Donna Price, of Cleveland, Ohio, had a similar story of making tough choices during the pandemic. She cares for her 18-year-old autistic son and her disabled mother, on top of being a nurse. Her son’s mental health has suffered during the pandemic, and Price said that she had to take eight weeks off without pay to supervise him early last year, when his school and care program went fully remote due to a surge in the virus.
“I struggled to pay rent, put gas in my car, buy groceries, and pay for my mom’s medications,” Price, who is also a member of MomsRising, said. “I was facing $ 2,000 in unpaid gas bills and $ 800 in unpaid electric bills. We only made it through with help from my older son and my daughter, who’s a social worker and a police officer. Otherwise, I don’t know what I would’ve done.”
Eventually, Price had to leave her job at a hospital and take a contract nurse position so she could have more flexibility and better care for her son and mother — even though that meant lower pay and fewer benefits.

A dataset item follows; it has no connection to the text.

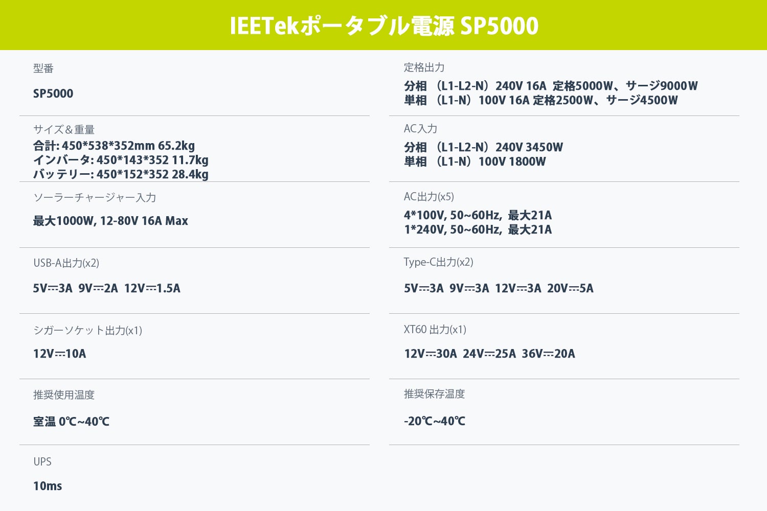 SP5000は、UPS(無停電電源装置)機能を搭載し、停電時にわずか10ミリ秒以内でバックアップ電源へ自動切り替え。電力網に接続した状態で充電可能で、満充電になると自動で充電回路がオフになるため、安心して長期間使用できます。

“I know so many working women can relate to my story,” Price said. “As moms, essential workers, and caregivers for elderly parents, we go out every day and do what we need to do to make sure everyone else is cared for. But sometimes it feels like no one is making sure we’re okay. There are days when I just want to know that my health and my financial and emotional well-being matter. That my elected leaders have my back.”
“‘My business and other businesses are struggling with the effects of inflation, and I am concerned about the prospects for a recession next year.’”
Legislators were divided on how to solve the problem, though. Democrats continued to push the universal paid family and medical leave proposal promoted in President Joe Biden’s Build Back Better agenda, while Republicans railed against “Bidenflation” and said Democrats weren’t open to negotiating with them. They instead voiced their support for a bill that would give incentives to employers who offered such benefits to their workers.
“Under President Biden, working women haven’t had it this bad in decades,” Republican Rep. Kevin Brady, the ranking member on the House Ways and Means Committee, said. “And with a looming recession, real wages shrinking, and even higher gas prices ahead, it looks to be getting worse.”
One witness testified in support of the Republican plan: Alicia Huey, the first vice chairman of the board for the National Association of Home Builders and a custom home builder, remodeler, and developer in Birmingham, Ala. She told the legislators that the trade group “strongly believes Congress must pursue flexible, targeted, and incentive-based strategies” for child care and paid leave. She noted, too, that the costly building materials, inflation, and labor constraints are making housing more expensive, which is similarly burdening families and needs equal attention.
“My business and other businesses are struggling with the effects of inflation, and I am concerned about the prospects for a recession next year,” Huey said. “Solving these issues in a bipartisan manner should be a matter of urgency. Critical issues like paid leave and affordable childcare, alongside affordable housing, need solutions with an immediate impact to help working families and small businesses.”
But Democrats were emphatic on universal paid family and medical leave being the best answer, and some grew frustrated with Republicans repeatedly blaming Democrats for rising gas prices and inflation during the hearing.
“It must feel a little odd for you to being here, giving testimony about your personal experiences, and be told, essentially, that the problem is really Biden, gasoline, and inflation,” Rep. John Larson, a Connecticut Democrat, said, addressing the witnesses. “Apparently, what you had to say didn’t break through, or there’s a principle going on here that says government mandates are horrific, we should avoid these at all costs.”